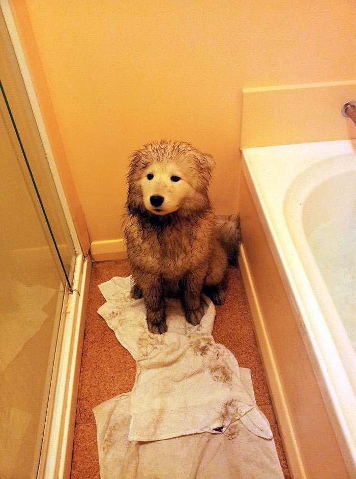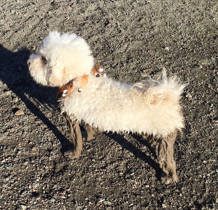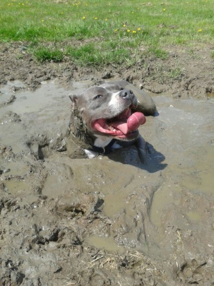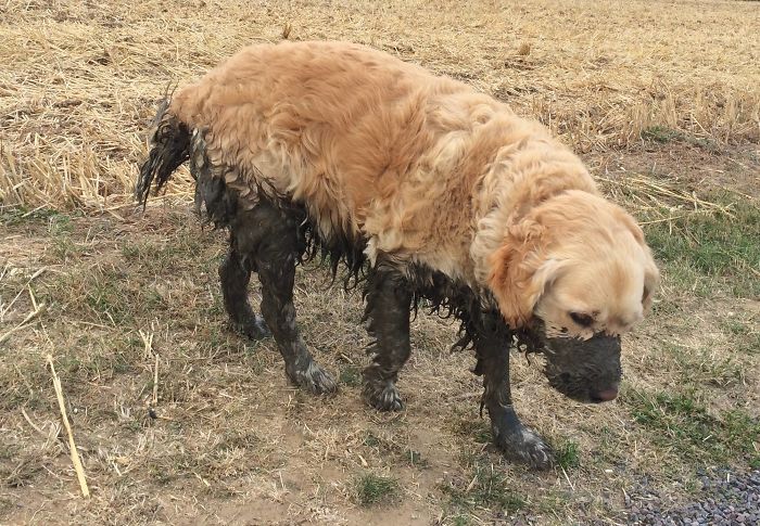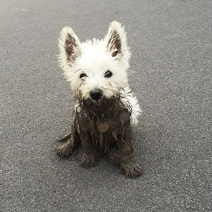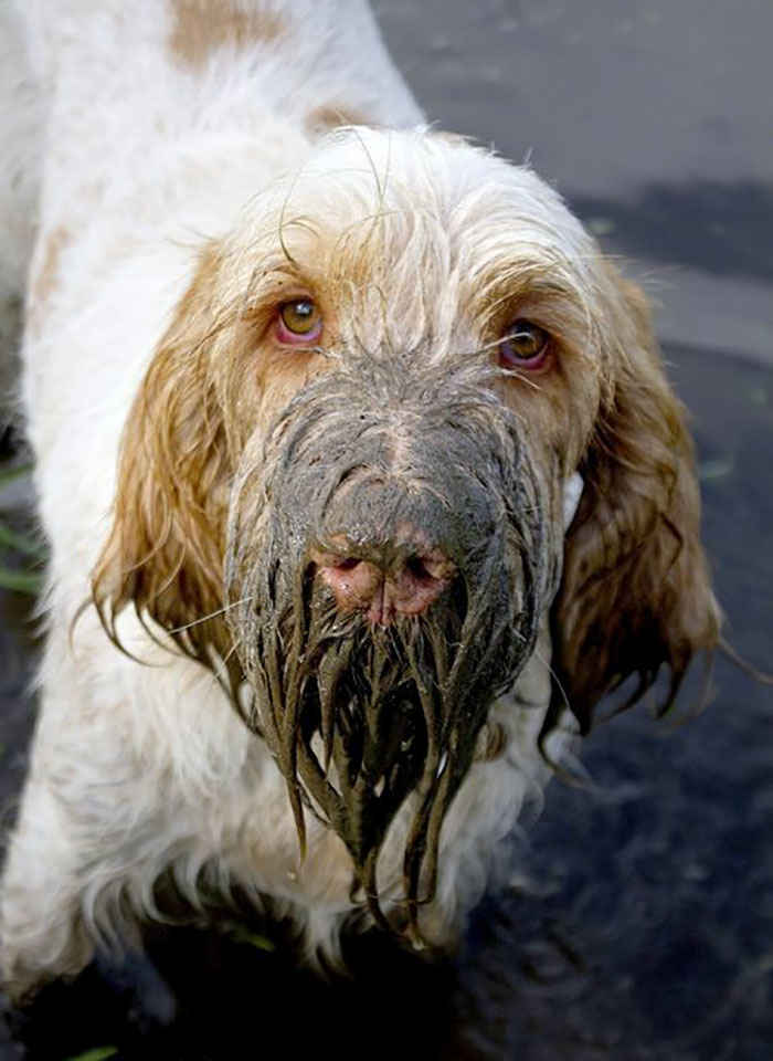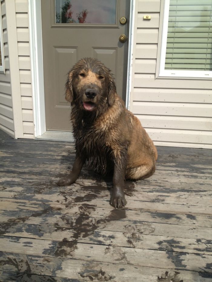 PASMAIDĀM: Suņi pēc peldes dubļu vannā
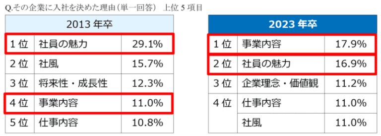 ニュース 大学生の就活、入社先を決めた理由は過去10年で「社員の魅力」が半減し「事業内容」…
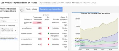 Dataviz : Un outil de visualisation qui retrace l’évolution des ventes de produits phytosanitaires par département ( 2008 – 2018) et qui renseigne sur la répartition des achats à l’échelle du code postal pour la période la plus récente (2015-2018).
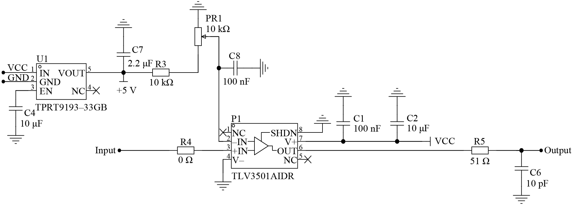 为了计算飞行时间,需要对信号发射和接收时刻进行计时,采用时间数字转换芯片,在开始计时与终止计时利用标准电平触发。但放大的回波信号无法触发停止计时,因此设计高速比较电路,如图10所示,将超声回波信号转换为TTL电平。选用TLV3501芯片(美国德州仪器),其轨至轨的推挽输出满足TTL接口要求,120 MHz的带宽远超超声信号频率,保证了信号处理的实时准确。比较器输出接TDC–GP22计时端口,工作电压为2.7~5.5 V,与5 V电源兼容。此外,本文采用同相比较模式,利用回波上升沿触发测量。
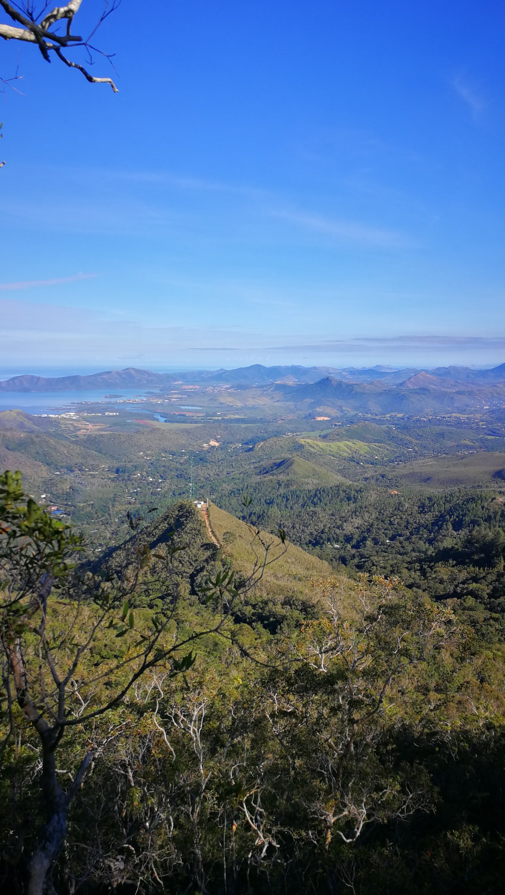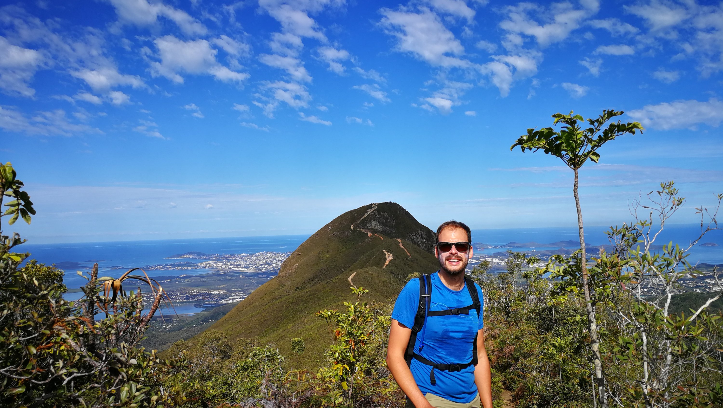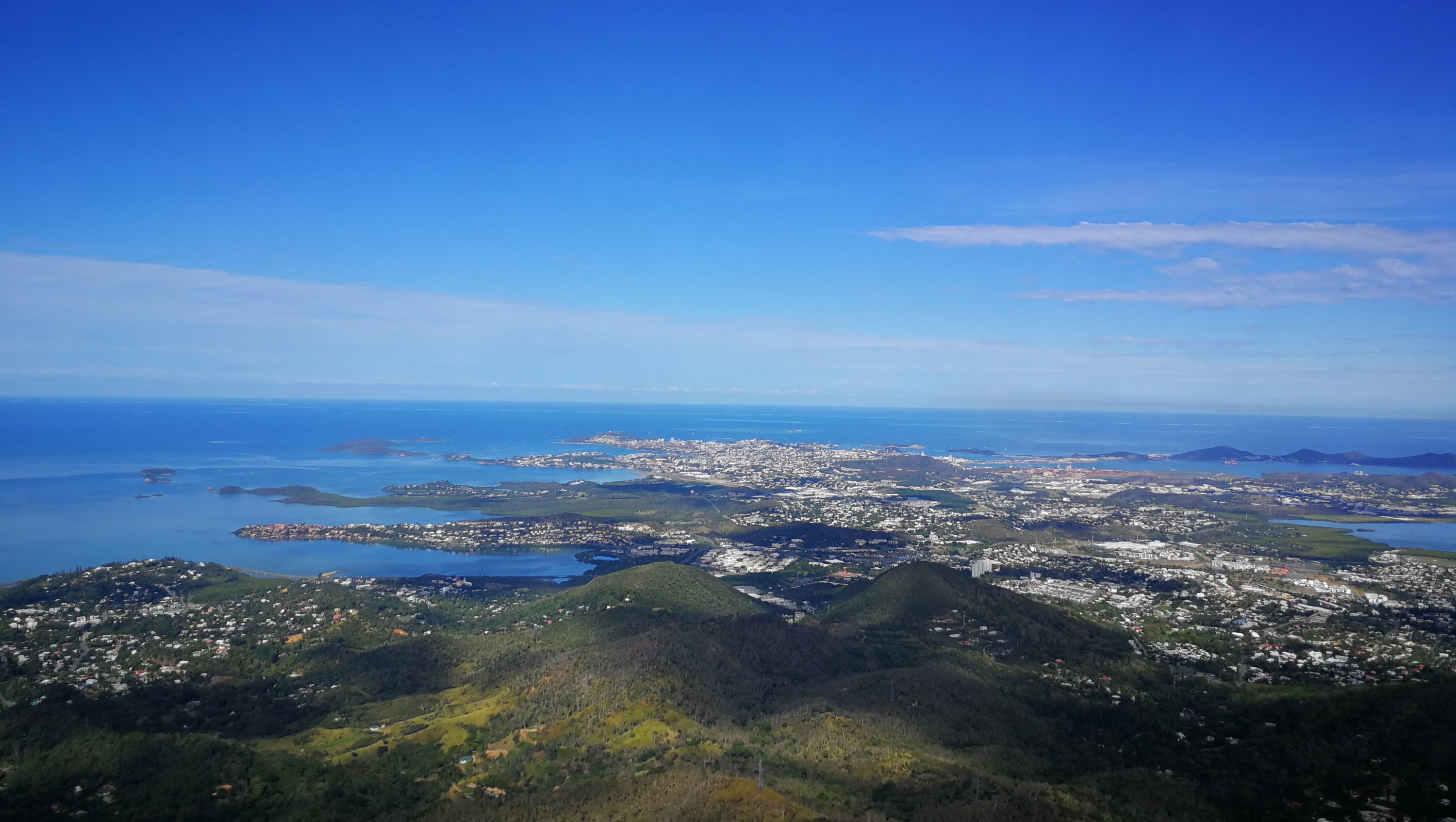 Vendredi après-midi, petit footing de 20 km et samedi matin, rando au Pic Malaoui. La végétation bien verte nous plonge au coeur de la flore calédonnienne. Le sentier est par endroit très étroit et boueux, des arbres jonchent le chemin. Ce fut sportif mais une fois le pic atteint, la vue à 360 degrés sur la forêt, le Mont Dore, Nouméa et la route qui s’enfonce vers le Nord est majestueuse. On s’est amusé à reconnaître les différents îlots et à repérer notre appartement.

■ ■ ■

**WORK TASK:** All of the listing is to be written out exactly, with the pictures left out.

**YOUR RESPONSE:**
 PASMAIDĀM: Suņi pēc peldes dubļu vannā
 ニュース 大学生の就活、入社先を決めた理由は過去10年で「社員の魅力」が半減し「事業内容」…
 Dataviz : Un outil de visualisation qui retrace l’évolution des ventes de produits phytosanitaires par département ( 2008 – 2018) et qui renseigne sur la répartition des achats à l’échelle du code postal pour la période la plus récente (2015-2018).
 为了计算飞行时间,需要对信号发射和接收时刻进行计时,采用时间数字转换芯片,在开始计时与终止计时利用标准电平触发。但放大的回波信号无法触发停止计时,因此设计高速比较电路,如图10所示,将超声回波信号转换为TTL电平。选用TLV3501芯片(美国德州仪器),其轨至轨的推挽输出满足TTL接口要求,120 MHz的带宽远超超声信号频率,保证了信号处理的实时准确。比较器输出接TDC–GP22计时端口,工作电压为2.7~5.5 V,与5 V电源兼容。此外,本文采用同相比较模式,利用回波上升沿触发测量。
 Vendredi après-midi, petit footing de 20 km et samedi matin, rando au Pic Malaoui. La végétation bien verte nous plonge au coeur de la flore calédonnienne. Le sentier est par endroit très étroit et boueux, des arbres jonchent le chemin. Ce fut sportif mais une fois le pic atteint, la vue à 360 degrés sur la forêt, le Mont Dore, Nouméa et la route qui s’enfonce vers le Nord est majestueuse. On s’est amusé à reconnaître les différents îlots et à repérer notre appartement.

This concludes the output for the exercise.